Given the decision to replace the system, it should be clear that the new needs are different from the needs when the system was originally developed. Yet many product managers will start the replacement process with an in depth inventory of the system's current functionality. Why does this happen?
The first set of reasons are generally associated with risk aversion, and the line of thinking starts with some simple, immediate facts. The existing system is serving a purpose for users or other systems. The new system will need to support these people or systems. And, we will need these other people or systems to switch from the existing system to the new system.

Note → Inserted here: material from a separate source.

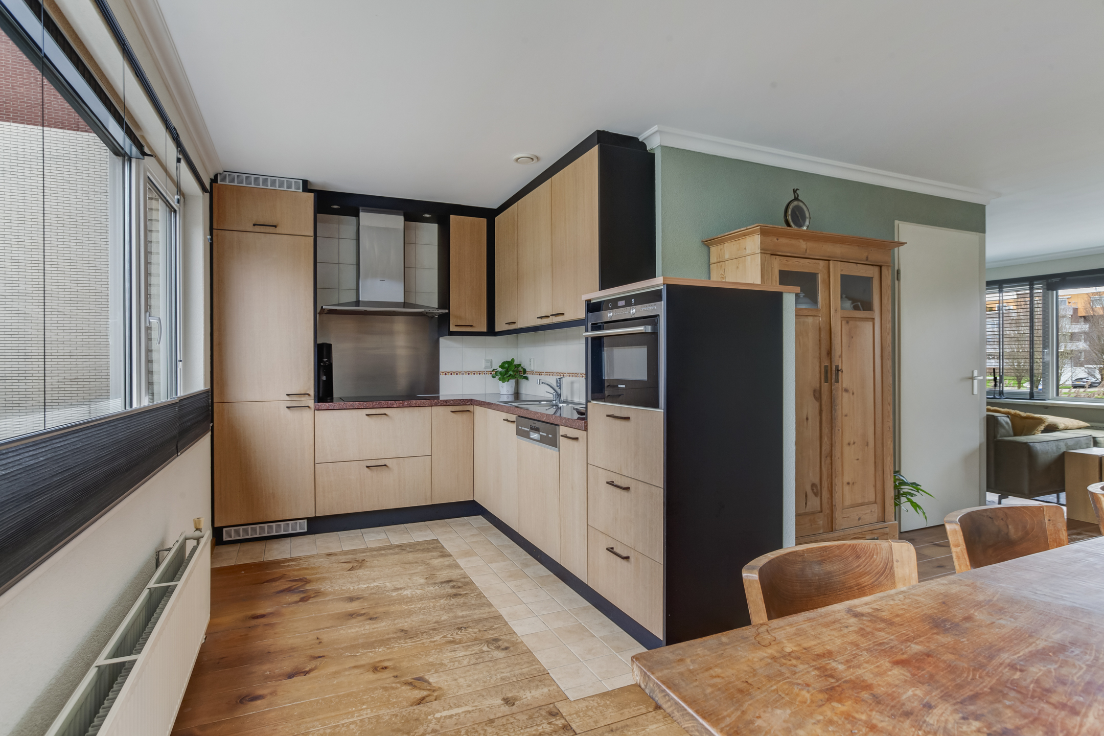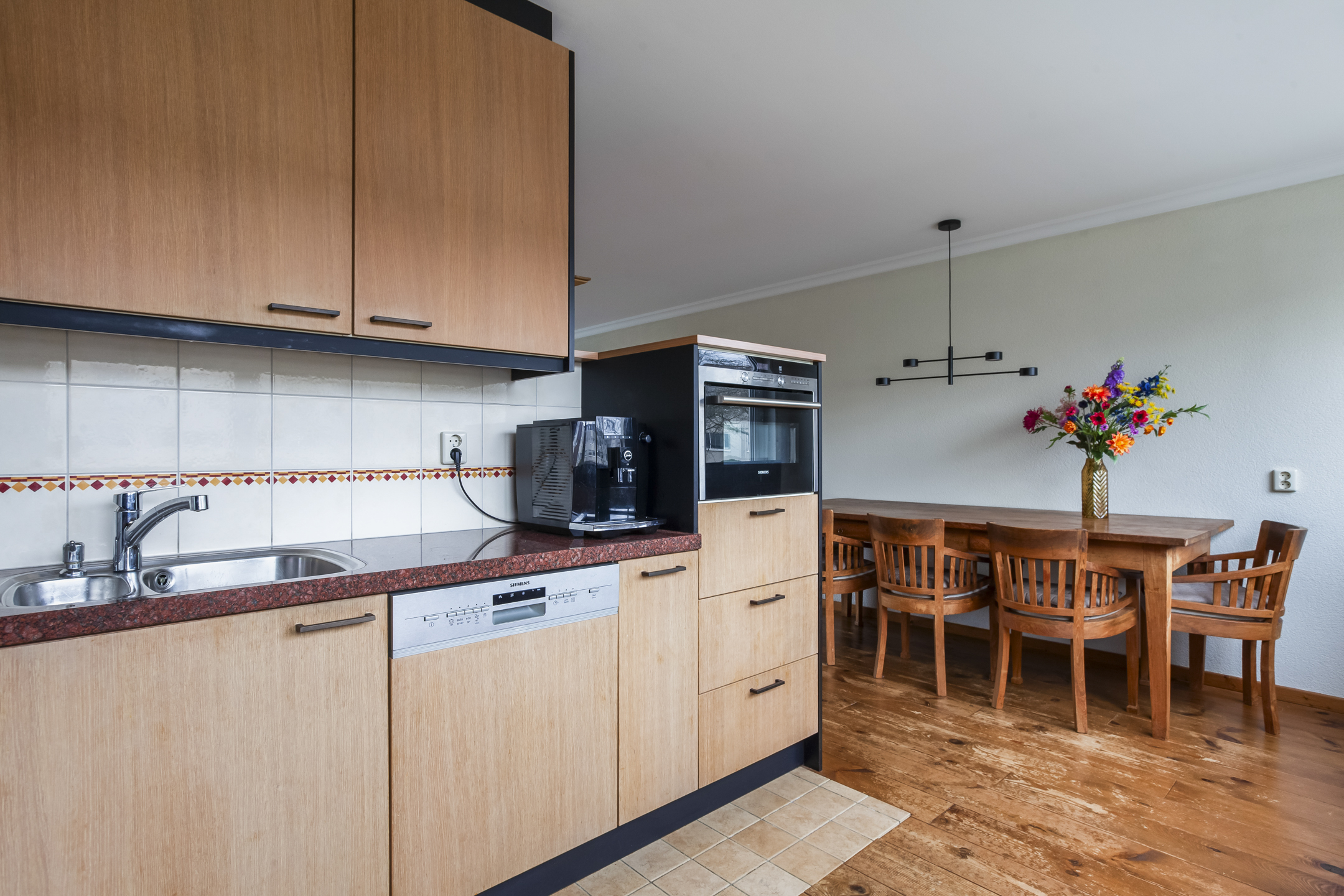 Aan de achterzijde is er dan ook ruimte voor het zitgedeelte, waarbij je optimaal geniet van het mooie uitzicht en de privacy. De keuken ligt aan de voorzijde van het huis en is opgesteld in een hoek. De volgende inbouwapparatuur is aanwezig, vernieuwd in 2020:

The solution to these problems is generally found to be some level of backwards compatibility. The reasoning goes: we don't want to break other systems, create a cascade of required changes in dependent systems, or retrain users. Therefore, we should require backwards compatibility with the current functionality and add on the new, desired functionality. This seems rational; we'll come back to it.
It's also worth considering that while the stated reason may be risk aversion, which might be proactive at some level, there is the reality that this approach could be driven by laziness. It's much easier to inventory existing functionality than to design better, more effective functionality. In an enterprise environment, it's easy to underestimate the impact of lack of engagement and imagination.
Let's consider a different set of facts, but this time let's consider opportunity instead of risk aversion. During the years that the existing product has been in place, the business has changed, the competition has changed, and the users have changed.
Also, technology has changed. There are more architectural choices from monoliths to micro services. There are new cloud services that are available to solve issues of availability and scalability. There are choices in API design between REST and GraphQL. There is better UX practices and more environments to run on.
Given all this new potential, why not build from the perspective of what competitive advantage the new system should provide and what features would entice users to adopt the new system? When you offer someone something that will make their life better, they will solve their own problems to adopt the new system. When you provide a system that reduces costs or generates revenue, the financial burden related to switching systems will be reduced or eliminated.
Which brings us back to the risk aversion mindset. When people adopt the risk aversion strategy, they rarely include the risk missed opportunities, yet it's opportunities that drive the business forward, the opportunity to do things better, faster, or cheaper. Build for opportunity.